We are an established global gaming company specializing in the design, development, acquisition, assembly, marketing and licensing of proprietary casino table games, side bets, and associated technology, platforms and systems for the casino and iGaming industries. Casinos use our proprietary products and services to enhance their gaming operations and improve their profitability and productivity, as well as to offer popular cutting-edge gaming entertainment content and technology to their players. We market our products and services to online and land-based casinos worldwide with products currently present in North America, the Caribbean, Central America, the United Kingdom, Europe, Africa, and to cruise ships exploring the world's oceans. We license our products and services for use in regulated land-based gaming markets. We also license our content and distribute content from other companies to licensed iGaming operators in gaming markets throughout the world where iGaming is not illegal.
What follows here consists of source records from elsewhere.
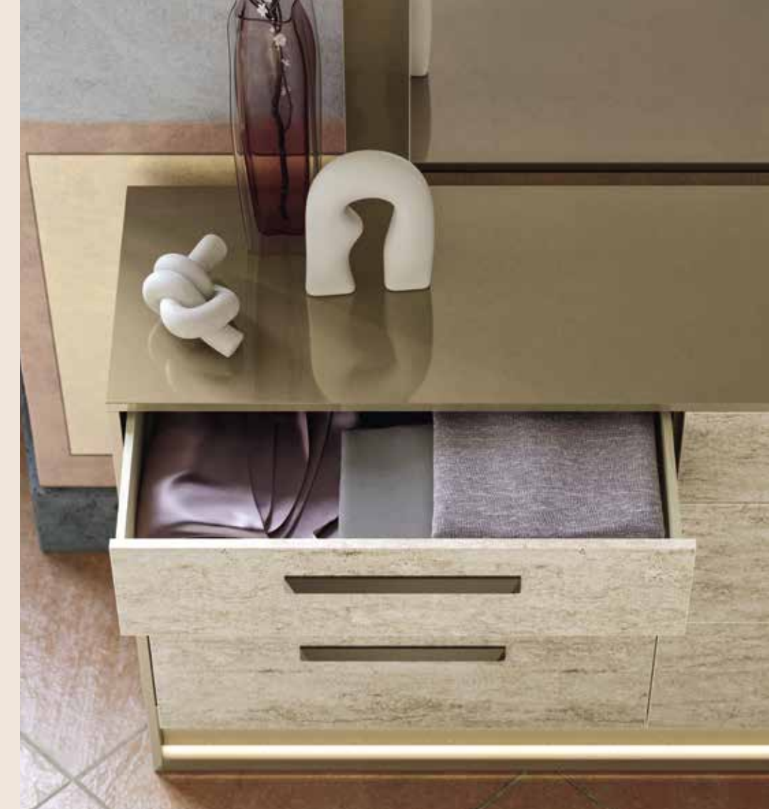
Jo bedroom set, roman interior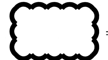
UTILITIES PLAN SCALE: 1"=20'-0"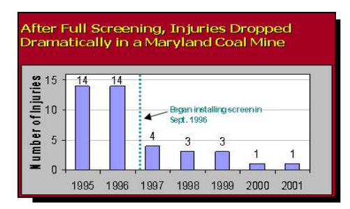
Screening can significantly reduce injury rates.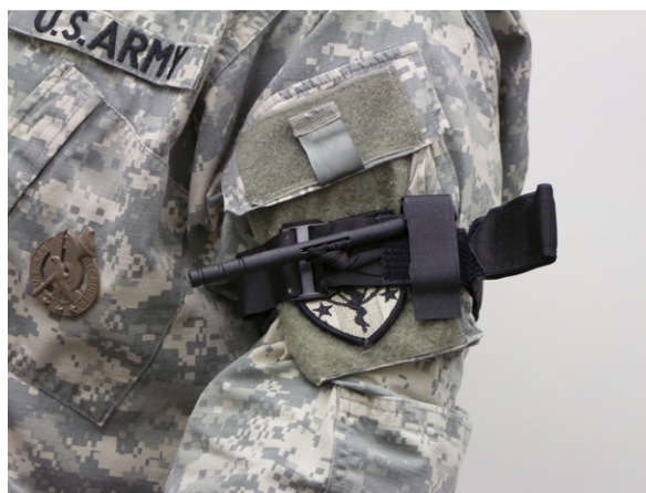
Fig 3. This is a recent photograph of a C-A-T, the Combat Action Tourniquet, applied to the arm of an active-duty Army soldier.

lives and limbs. Use of tourniquets will be remembered as one of the seminal lessons of those wars, in regards to trauma care.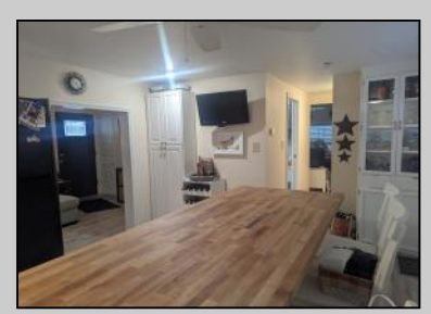
246 West Jersey South Seaville, NJ 08246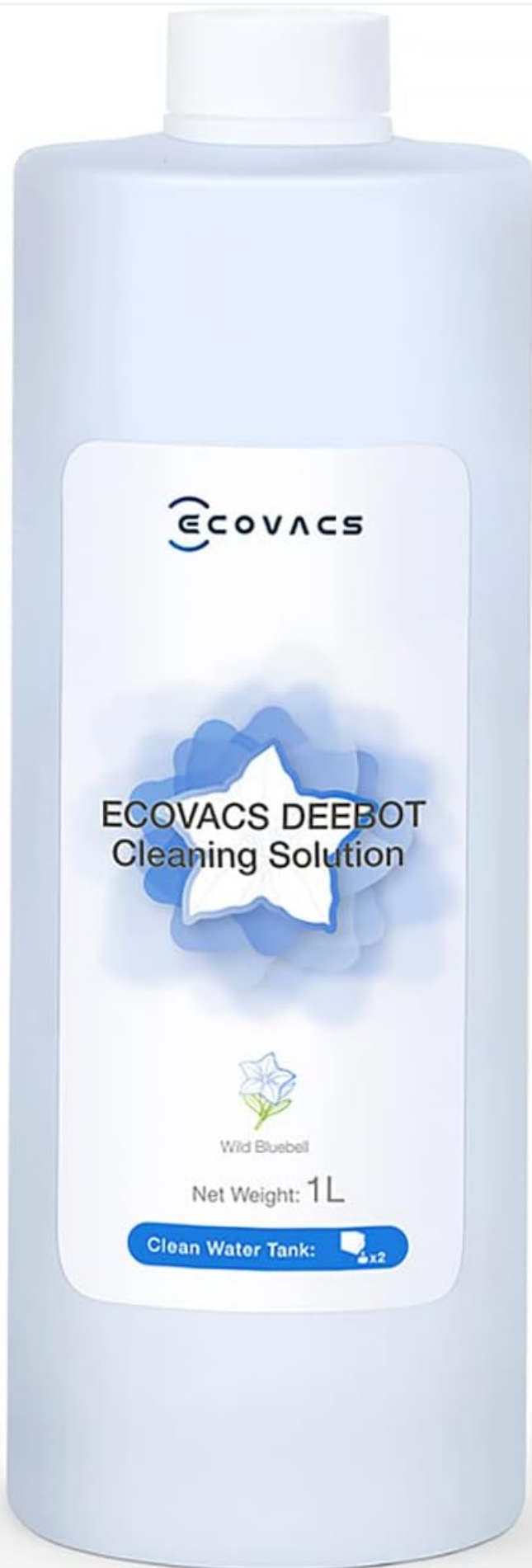
Image: ECOVACS DEEBOT Multi-Surface Floor Cleaning Solution 1L bottle.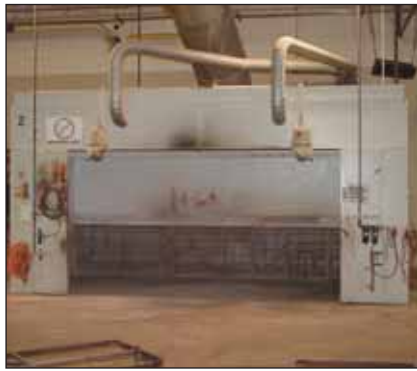
Spray Booth #2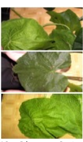
Algodón morado (Cotton)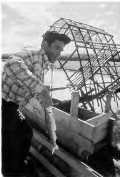
Fishwheel on the Yukon Charley River, Interior Alaska.

geographic area be identified as having C&T subsistence use of an individual resource; for example, brown bear, or resource category, such as all fresh water fish. A positive finding gives residents of the community a status as federally-qualified rural subsistence users. Typically, the analysis emphasizes past and present harvest levels and use areas, but also includes a range of ethnographic data as part of the factors used to evaluate eligi-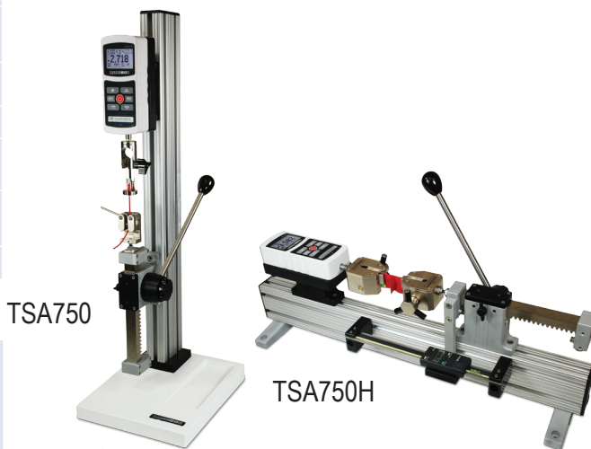
The TSA750 and TSA750H are shown testing the peel force of a sample, with a Series 5 digital force gauge, and film & paper grips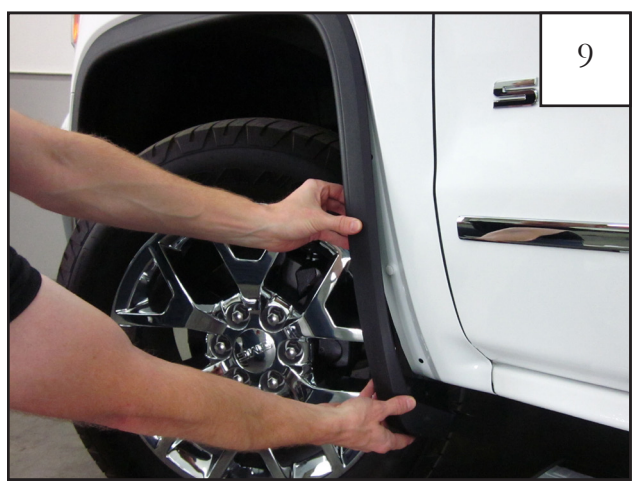
Starting at the lower rear end of the factory wheel arch molding, firmly grip part and pull to remove from vehicle. Note: You will hear popping sounds as the factory fasteners release from vehicle. This is normal.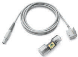
Electronic flow sensor accessory with cable, adult/ped (1132106 )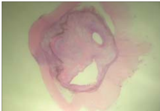
Figure 1: Intraocular inflammation in the vitreous cavity (1x)

As there was no visual potential, the right eye was enucleated. The globe measured 12 mm anteroposteriorly, 13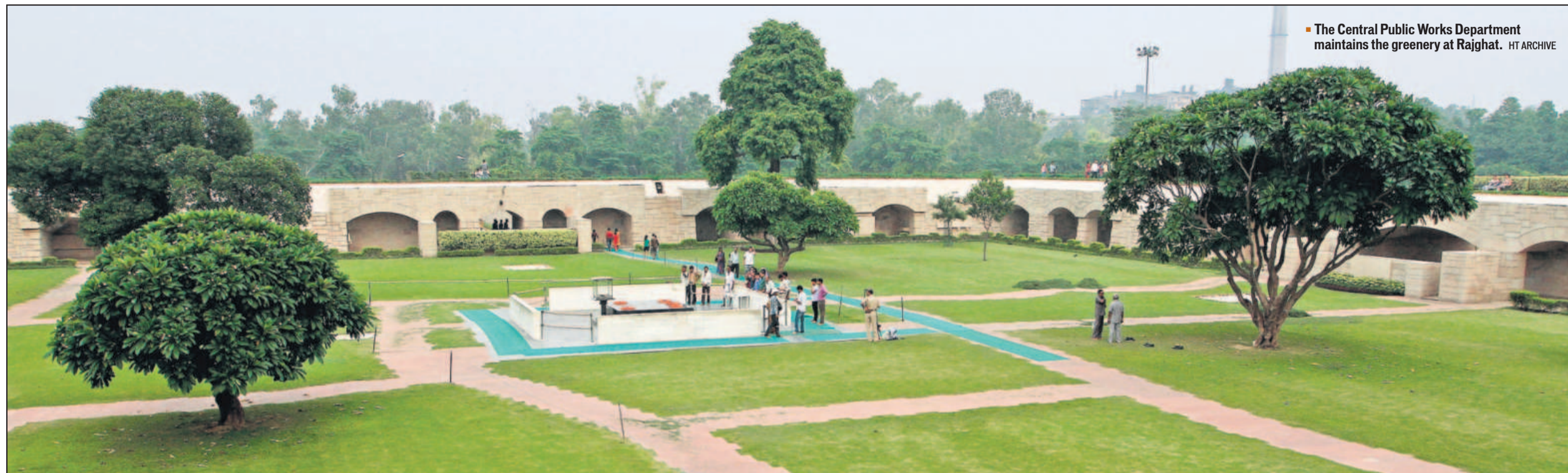
■ The Central Public Works Department maintains the greenery at Rajghat.

On July 18, 2024, we entered into an Agreement and Plan of Merger (the “Merger Agreement”) with Evolution Malta Holding Limited, a company registered in Malta (“Parent” or "Evolution"), and Galaga Merger Sub, Inc., a Nevada corporation and direct wholly owned subsidiary of Parent (“Merger Sub”), pursuant to which, and subject to the terms and conditions thereof, Merger Sub would merge with and into the Company (the “Merger”), with the Company surviving the Merger as a wholly owned subsidiary of Parent.
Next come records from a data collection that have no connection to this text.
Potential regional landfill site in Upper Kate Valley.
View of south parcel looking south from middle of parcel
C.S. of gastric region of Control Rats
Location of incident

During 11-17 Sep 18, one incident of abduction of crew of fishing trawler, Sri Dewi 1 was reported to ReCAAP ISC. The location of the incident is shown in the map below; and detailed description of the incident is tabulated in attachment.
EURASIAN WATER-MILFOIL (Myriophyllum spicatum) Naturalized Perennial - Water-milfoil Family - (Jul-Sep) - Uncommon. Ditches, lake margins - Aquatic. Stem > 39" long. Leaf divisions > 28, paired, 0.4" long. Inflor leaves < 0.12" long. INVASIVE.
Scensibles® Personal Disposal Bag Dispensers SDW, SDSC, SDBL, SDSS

Upon the closing of the Merger, each share of common stock, par value $0.001 per share of the Company issued and outstanding immediately prior to the effective time of the Merger, other than any Company common stock (i) owned by Company stockholders who are entitled to demand and have properly and validly demanded their appraisal rights under Nevada law or (ii) owned by Parent, Merger Sub, the Company or by any of their respective subsidiaries, will be converted automatically into the right to receive $3.20 per share in cash, without interest and subject to any applicable withholding taxes.

Consummation of the Merger is subject to the satisfaction or waiver of certain closing conditions, including approval by at least a majority of the voting power of the outstanding shares of the Company’s common stock of the Merger Agreement and the receipt of certain gaming regulatory approvals. At the special meeting of the Company’s stockholders held on November 12, 2024, stockholders voted to approve the Merger.
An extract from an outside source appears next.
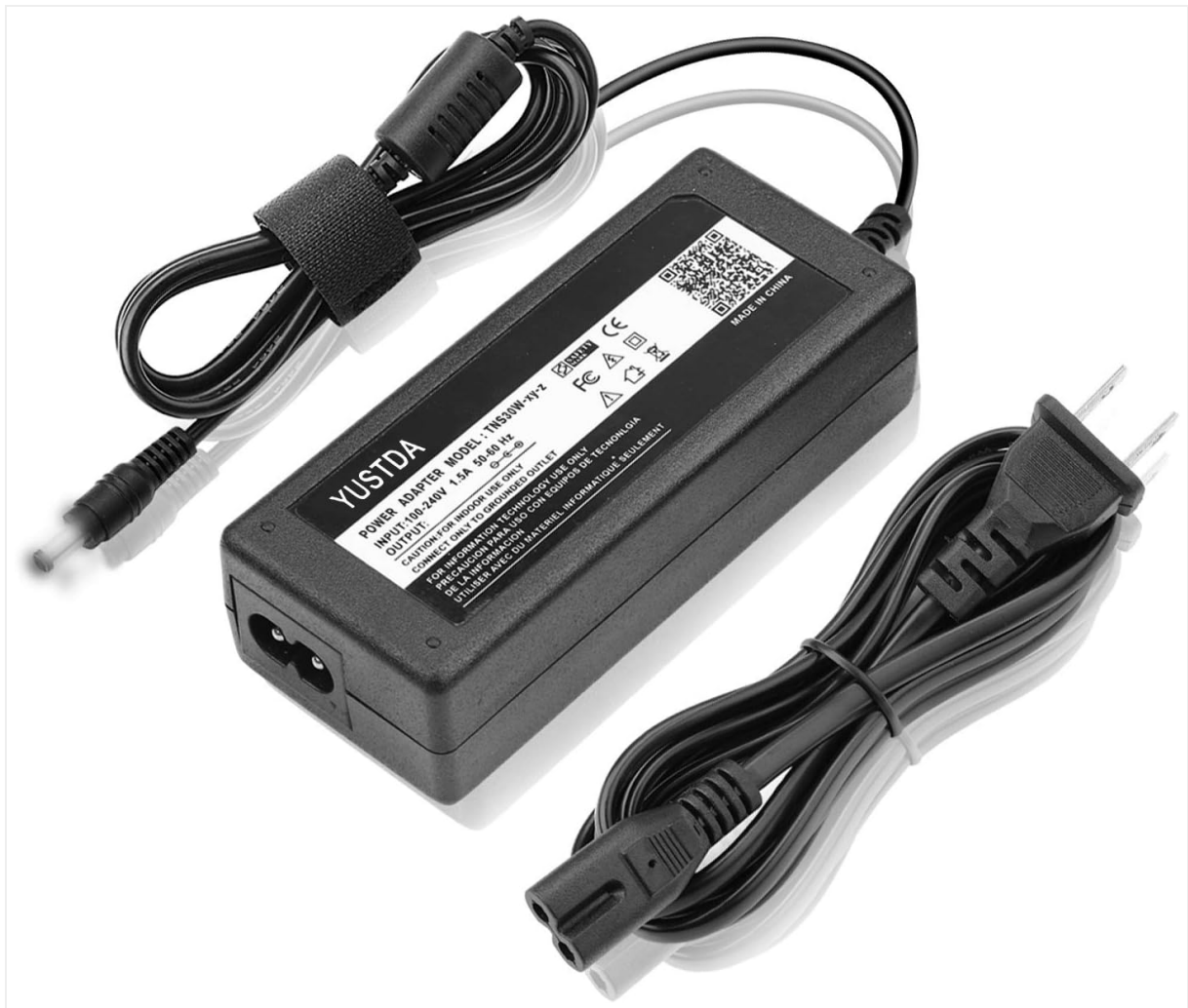
Figure 1.1: Overview of the YUSTDA AC/DC Adapter, showing the main unit, input power cable, and output DC connector.

Under the terms of the Merger Agreement, if the Merger has not been consummated by October 18, 2025 (the "First Extended Outside Date"), either Galaxy or Evolution may terminate the Merger Agreement; provided that such date shall be automatically extended to January 18, 2026 (the "Second Extended Outside Date") if, on the First Extended Outside Date, all conditions to the Merger would have been satisfied or waived if the closing had taken place on the First Extended Outside Date, other than the closing conditions related to the absence of certain legal constraints, or the receipt of certain gaming regulatory approvals (the "Gaming Approval Closing Condition"). As of October 18, 2025, all conditions to the Merger would have been satisfied or waived if the closing occurred on such date, other than the Gaming Approval Closing Condition. In accordance with the foregoing terms, on October 18, 2025, the First Extended Outside Date was automatically extended to January 18, 2026. Pursuant to Amendment to No. 1 to Agreement and Plan of Merger dated November 24, 2025, the Second Extended Outside Date was further extended to July 17, 2026 (the "Amended Outside Date").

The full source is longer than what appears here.